After years of lampooning the junta, Burma’s Moustache Brothers aren’t ready to stop poking fun at the regime yet, despite dramatic changes that mean laughter is no longer such a risky business. With nothing more than their sharp wit, the sexagenarian members of one of the long-isolated country’s most famous comedy troupes are perhaps among the bravest dissidents to have stood up to the generals. “It’s old wine in a different bottle,” said Par Par Lay, 64, also known as “Brother Number One”. With the regime embarking on a series of dramatic reforms, the satirists hope one day to be able to take their act on the road, and enlighten the poor about the political situation.

Lu Maw, a wiry 62-year-old whose broken English is peppered with mismatched idioms, elicited nervous laughter by admonishing the crowd at a recent show to be quiet because government agents were nearby. “We are blacklisted, jail birds, and illegals you know, so you are also here illegally,” he told a young American woman in the front row before breaking into a grin. “But don’t worry, the government loves tourists because they want your dollars.”

At another point in the show Par Par Lay asked the crowd if they wanted to see an authentic Burmese act. Within seconds, he was wearing a balaclava helmet over his moustachioed face and sporting a hand gun as he gingerly mimicked a thief breaking into a home. “That’s how they are, like Jesse James, Ali Baba, like bandits,” Lu Maw said on the microphone, alluding to the military to scattered laughter from the crowd.

The trio used to lead one of Burma’s most popular traditional comedy acts. The brothers are still officially banned from performing publicly, but they have found a way to continue their act by staging it for tourists in the family’s cramped garage in Mandalay.

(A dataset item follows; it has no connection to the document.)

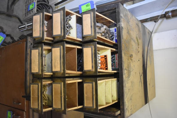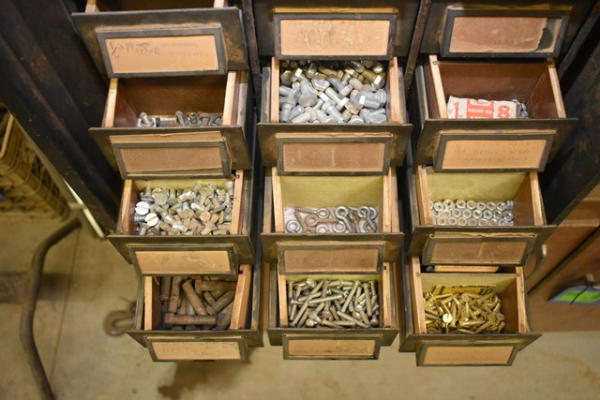 30-drawer organizing bin with machine screws, bolts, wood screws, nuts, etc.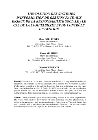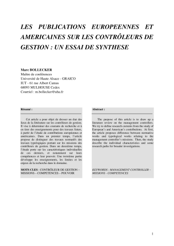 Résumé : De nombreux auteurs mettent l'accent sur la nécessité d'une ouverture disciplinaire dans les travaux de recherche. Notre article vise à analyser l'importance d'une telle démarche au travers de l'étude de ses enjeux et des pratiques des chercheurs en contrôle de gestion. Plus précisément, nous avons tenté de cerner le degré de perméabilité des travaux en contrôle à des cadres conceptuels externes. Pour ce faire, les numéros de revues françaises – Comptabilité, Contrôle, Audit et Finance, Contrôle, Stratégie – et d'une revue américaine – Management science – ont été analysés pour la période 2000-2007.

Feigning seriousness, Lu Maw wondered aloud why US-led coalition forces had not sent unmanned drones to Burma, whose military he said had been involved in some of the world’s most atrocious rights abuses. “Burma is the same as Libya, Egypt, Somalia or Syria. But they all have oil,” Lu Maw said with a naughty wink. “Ah, but they (the West) don’t know what we have — we have opium and heroin too.”

After the one-hour show, the brothers personally thanked every visitor and sold them souvenirs. They said the money would go to helping those political prisoners still languishing in jail, despite a series of mass pardons that have seen hundreds of others walk free under the new reformist government.

“But 1 April, the day of election, is also April Fool’s Day. We hope it’s not going to be a joke.”